Notas de pié de página:

1 Usaremos el artículo masculino para referirnos a bebes de ambos sexos para facilitar la lectura evitando el uso de ambos artículos el/la.

2 La situación de alimentación temprana con semisólidos y sólidos, del cuarto mes al año, fue nuestra “ventana” de observación y recolección de muestras de comportamientos diádicos e individuales. A esto se agregó luego la observación de la relación entre Iniciativa y Juego y las Respuestas Ambientales al Juego (realizado por la Dra. Graciela BENITO SILVA. Desde hace dos años la Licenciada Soledad Martín hace una Tesis Doctoral en Salamanca con una investigación sobre “Iniciativa y Respuesta Ambiental en el periodo de Lactancia Materna de 0-4 meses” (ver más adelante en esta página)

3 No entraremos aquí en la discusión sobre las diferencias o similitudes entre los conceptos de Ser y Sujeto, considerando que corrientemente en las ciencias psicológicas se ha logrado introducir el concepto de Sujeto pero que el de Ser es mayoritariamente excluido en éste ámbito. En nuestra propuesta ampliada sí está contemplado el concepto de Ser.

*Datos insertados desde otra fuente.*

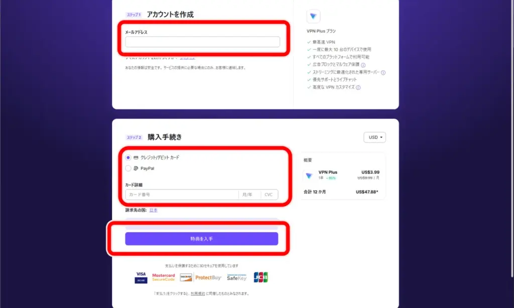 有料版ProtonVPNのアカウント作成方法
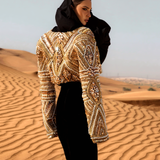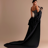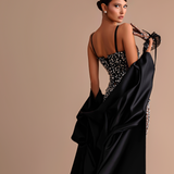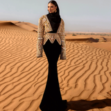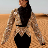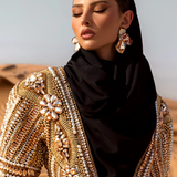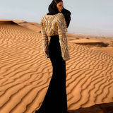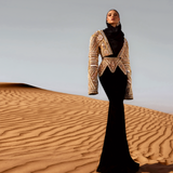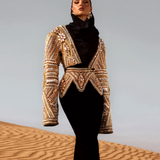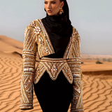 Black Velvet Gown with Gold Embellished Blazer and Hijab Black velvet mermaid gown paired with a heavily embellished gold blazer Hand beaded with crystals and sequins in geometric pattern Structured blazer shoulders and cinched waist Floor length fitted skirt Styled with...- $2,247.20

4 Tomamos un espacio para aclarar la terminología. Los AA mencionados, como en general los anglosajones, usan el término compliance que en el diccionario Inglés/Castellano/inglés de Simon and Shuster, se traduce como: 1) sumisión; 2) docilidad; 3) condescendencia; 4) acatamiento. El adjetivo compliant como dócil, obediente, sumiso. Es interesante que entre los años 1946 y 1996 los dos diccionarios principales del idioma Inglés (Appleton Century y Webster) modifican las definiciones y acepciones de compliance desde un simple : aquiescencia, ceder, disposición a ceder en la edición de 1946 a la siguiente complejización: 1°) acto de conformar cediendo; 2°) tendencia a ceder rápidamente a otros, especialmente en la forma de debilidad o en un modo subordinado, servil u obsequioso.
3°) cooperación u obediencia. En esos 50 años hubo un cambio cultural en las acepciones del concepto de compliance que estos AA citados usan como logro madurativo o fracaso educativo. Seguramente que ante la pregunta: “¿ustedes proponen el sometimiento?” Contestan que no, que apuntan a la obediencia.

5 Ambiental incluye todos los actores inter-relacionados con el sujeto emergente.